=== Section Start ===
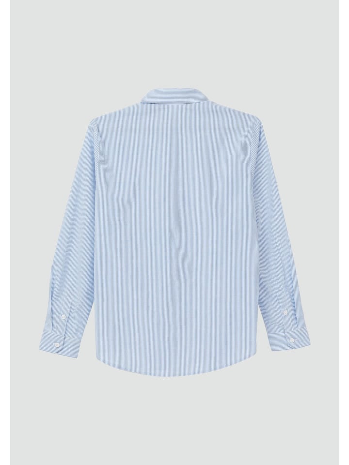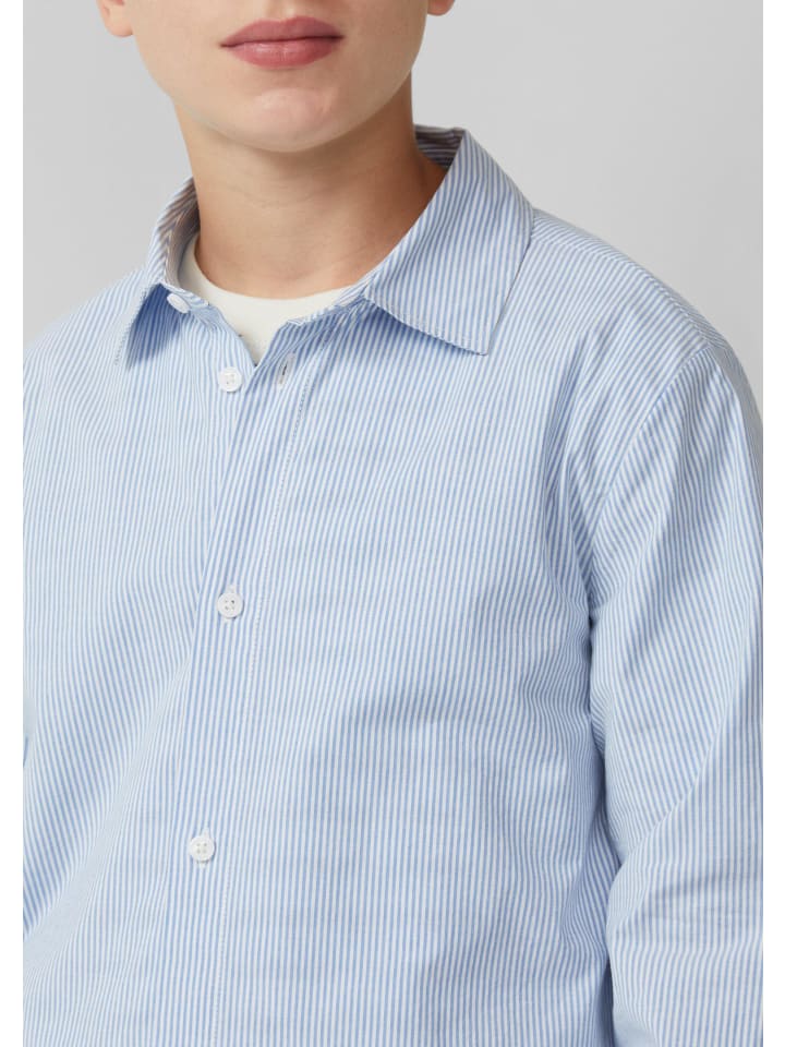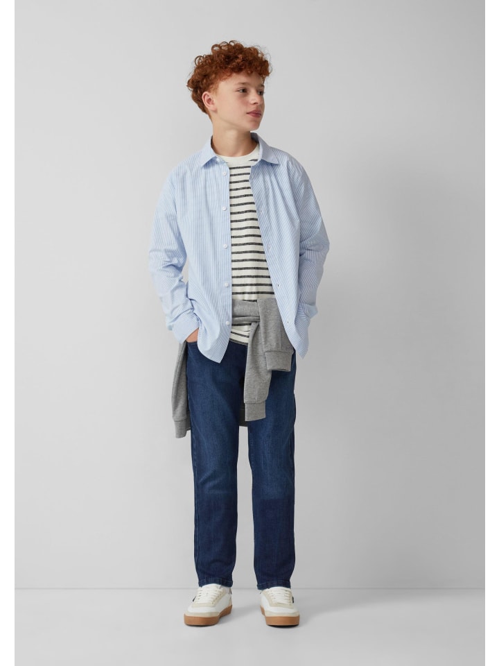 Нарядная рубашка в тонкую полоску: эта рубашка с длинными рукавами из хлопковой смеси станет идеальным дополнением для праздничных случаев. Классический рубашечный воротник и планка на пуговицах придадут вашему ребенку элегантный вид. Благодаря прямому крою и легкой эластичности она обеспечивает свободу движений в течение всего дня.
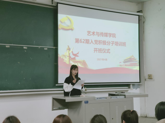 2020年4月1日在4F-219教室,艺术与传媒学院第62期入党积极分子培训班开班式如期举行。学院党委委员张晓宾出席,第62期入党积极分子全体学员参加开班式。
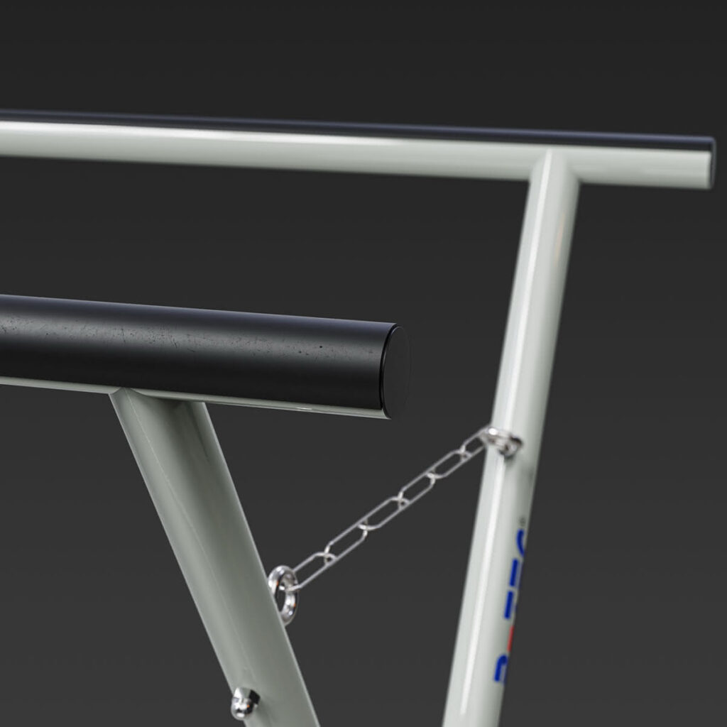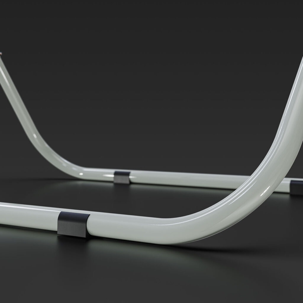 X-Lackierständer mit abgerundetem Profil, um nerviges Hängenbleiben im Gitterrost zu verhindern.
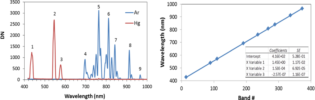 (a) Hg and Ar lamp emission lines as viewed through G-LiHT’s imaging spectrometer; (b) relationship between band number and band center wavelength using Gaussian iterative curve fitting.
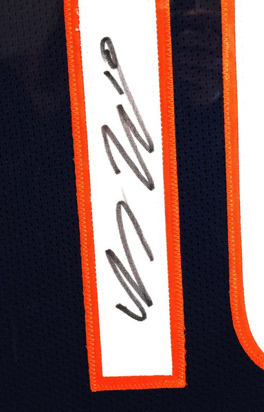 The item is a Bo Nix autographed custom navy Denver Broncos jersey framed in a deluxe frame measuring 33.5 inches in width and 39.5 inches in height. The autograph has been authenticated by Beckett Authentication Services (BAS).The framing ensemble also includes two 8x10 color photos of Bo Nix in action with the Broncos, which are matted and framed within the piece. Finally, there is a die cut Bo Nix Denver Broncos name plate featured at the bottom of the jersey.
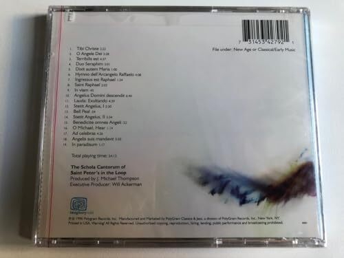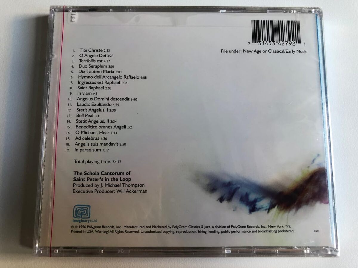Product description: The Song Of Angels / Imaginary Road Audio CD 1996 / 314534279-2 UPC 731453427921 // Label: Imaginary Road ? 314534279-2 Format: CD Country: US Released: 1996 Genre: Electronic, Classical, Folk, World, Country Style: Religious, Gospel, Neo-Classical, New Age // Tracklist: 1 Tibi Christe 2 O Angele Dei 3 Terribilis Est 4 Duo Seraphim 5 Dixit Autem Maria 6 Hymno Dell'Arcangelo Raffaelo 7 Ingressus Est Raphael 8 Saint Raphael 9 In Viam 10 Angelus Domini Descendit 11 Lauda: Exultando 12 Stetit Angelus 13 Bell Peal 14 Stetit Angelus, II 15 Benedicie Omnes Angeli 16 O Michael, Hear 17 Ad Celebras 18 Angelis Suis Mandavit 19 In Paradisium Executive-Producer ? Will Ackerman Producer ? J. Michael Thompson
=== Section End ===
Aim of the task: Give the records again exactly, minus the pictures.

Task output:
 Нарядная рубашка в тонкую полоску: эта рубашка с длинными рукавами из хлопковой смеси станет идеальным дополнением для праздничных случаев. Классический рубашечный воротник и планка на пуговицах придадут вашему ребенку элегантный вид. Благодаря прямому крою и легкой эластичности она обеспечивает свободу движений в течение всего дня.
 2020年4月1日在4F-219教室,艺术与传媒学院第62期入党积极分子培训班开班式如期举行。学院党委委员张晓宾出席,第62期入党积极分子全体学员参加开班式。
 X-Lackierständer mit abgerundetem Profil, um nerviges Hängenbleiben im Gitterrost zu verhindern.
 (a) Hg and Ar lamp emission lines as viewed through G-LiHT’s imaging spectrometer; (b) relationship between band number and band center wavelength using Gaussian iterative curve fitting.
 The item is a Bo Nix autographed custom navy Denver Broncos jersey framed in a deluxe frame measuring 33.5 inches in width and 39.5 inches in height. The autograph has been authenticated by Beckett Authentication Services (BAS).The framing ensemble also includes two 8x10 color photos of Bo Nix in action with the Broncos, which are matted and framed within the piece. Finally, there is a die cut Bo Nix Denver Broncos name plate featured at the bottom of the jersey.
Product description: The Song Of Angels / Imaginary Road Audio CD 1996 / 314534279-2 UPC 731453427921 // Label: Imaginary Road ? 314534279-2 Format: CD Country: US Released: 1996 Genre: Electronic, Classical, Folk, World, Country Style: Religious, Gospel, Neo-Classical, New Age // Tracklist: 1 Tibi Christe 2 O Angele Dei 3 Terribilis Est 4 Duo Seraphim 5 Dixit Autem Maria 6 Hymno Dell'Arcangelo Raffaelo 7 Ingressus Est Raphael 8 Saint Raphael 9 In Viam 10 Angelus Domini Descendit 11 Lauda: Exultando 12 Stetit Angelus 13 Bell Peal 14 Stetit Angelus, II 15 Benedicie Omnes Angeli 16 O Michael, Hear 17 Ad Celebras 18 Angelis Suis Mandavit 19 In Paradisium Executive-Producer ? Will Ackerman Producer ? J. Michael Thompson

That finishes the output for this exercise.